Se alejó queriendo encontrar un momento a solas, se encerró en su habitación, se sentó sobre la cama y contempló las cuatro paredes en total silencio. Como si buscara algún consuelo que la hiciera reaccionar, al cabo de unos minutos, su mirada se posó sobre el baúl donde guardaba las cosas de su esposo, se acercó, lo abrió y con las manos temblorosas tomó el frac que Fernando solía usar. Abrazó la prenda como si con eso pudiera traer de vuelta a su esposo, fue en ese momento, en ese instante, que ella se desmoronó por completo. Sus lágrimas abordaron su rostro desesperadamente, el dolor se hacia presente con el sonido de sus lamentos, y el desconsuelo la llevó a permanecer en suelo durante varias horas.

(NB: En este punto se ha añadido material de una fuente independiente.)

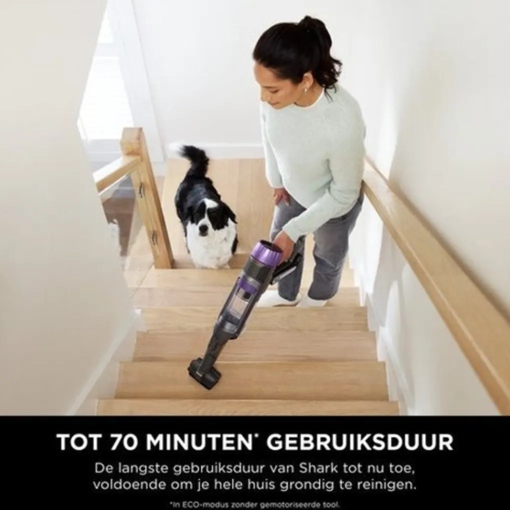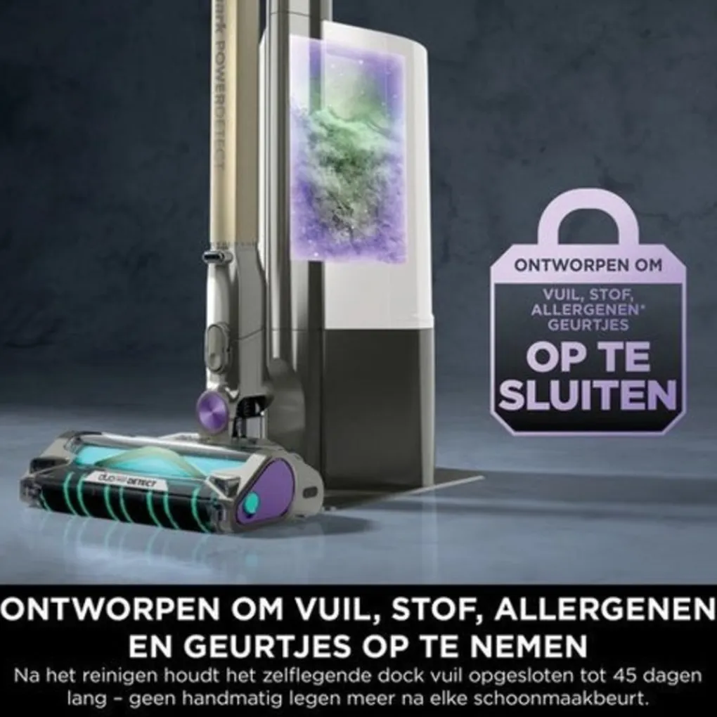 Shark PowerDetect Clean & Empty biedt Shark’s krachtigste snoerloze zuigkracht** en leegt zichzelf automatisch – voor wekenlang schoonmaakgemak.
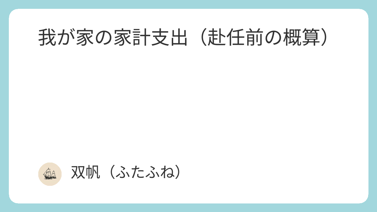 赴任前の情報にはなりますが、我が家の基本的な支出を概算でまとめ、生活感を共有しておきたいと思います。
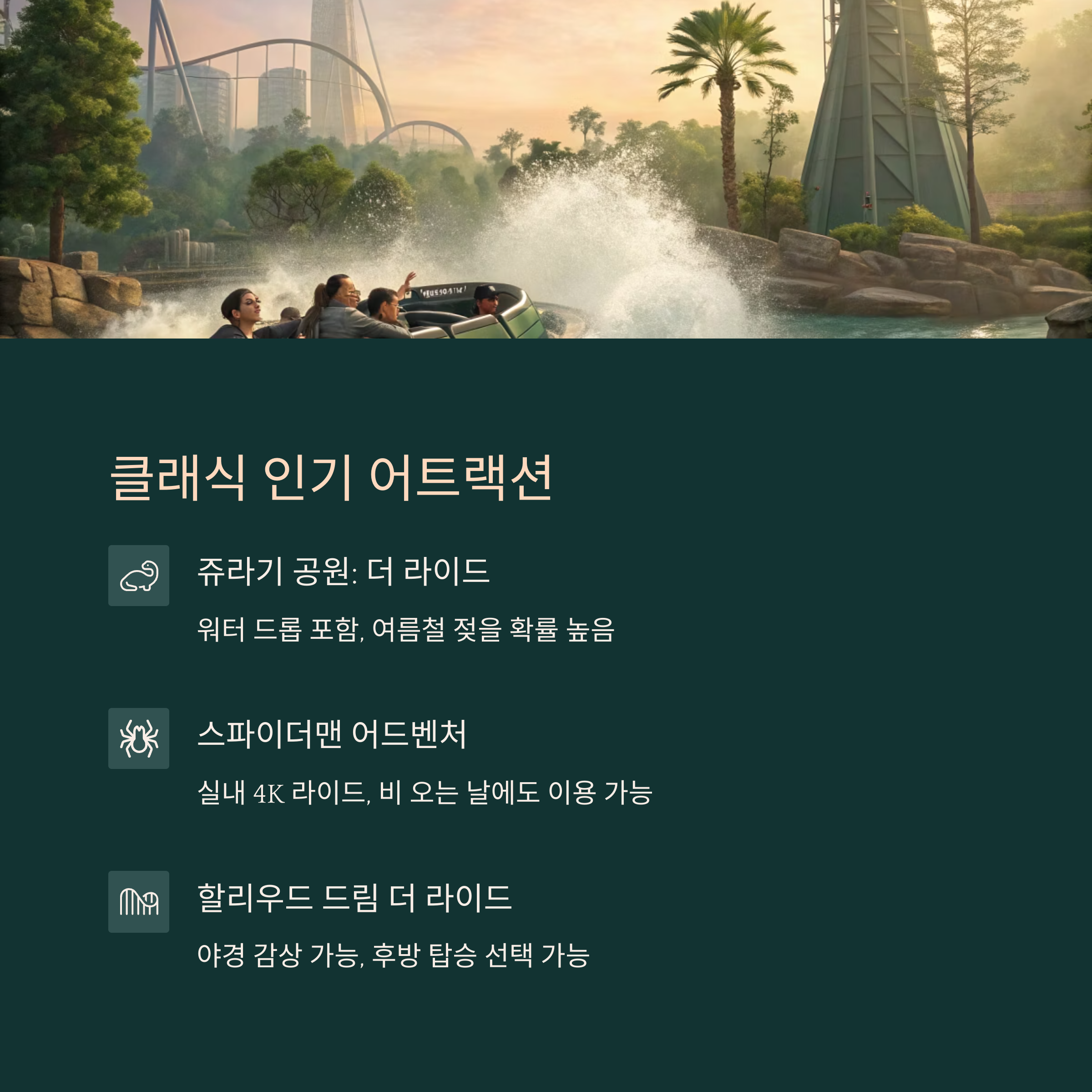 이번 정리에서는 인기 구역별 필수 어트랙션과 탑승 팁까지 함께 안내드립니다.
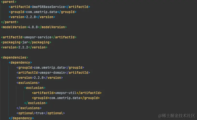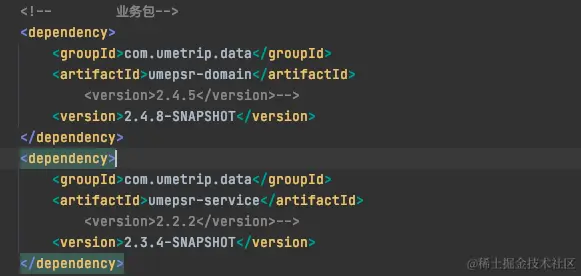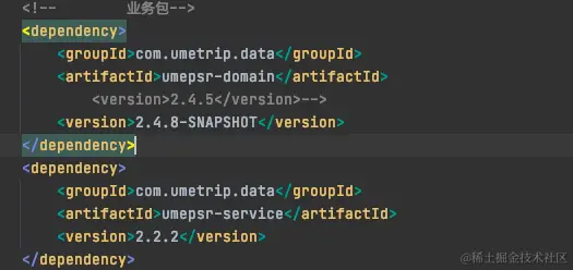 此时根据第一次定位的经验,我观察到umepsr-service的父pom中umepsr-domain版本为2.2.2。

Rafael, sin embargo, no podía diferenciar su dolor, no sabía cuál era más grande, si haber recibido la noticia, habérselo dicho a Josefa o tener que enfrentar a su madre cuando lo supiera. Se encontraba sin poder hacer nada, sin poder evitarles esa aflicción tan grande.

Esa tarde había sido la más triste de todas sus vidas, querían despedirse de Fernando, velar su muerte, y rezar por su alma. De los trámites también, tuvo que encargarse Rafael, que fue comunicado que recién al día siguiente podían enterrar su hermano, porque debían de hacer el certificado de defunción y otras burocracias.

24 de agosto de 1835

El veinticuatro de agosto, una mañana gris y fría, el cuerpo de Fernando de la Mora era enterrado y sepultado. Cuyo certificado de defunción lo había hecho José Casimiro Ramírez, y se lo había entregado a Rafael.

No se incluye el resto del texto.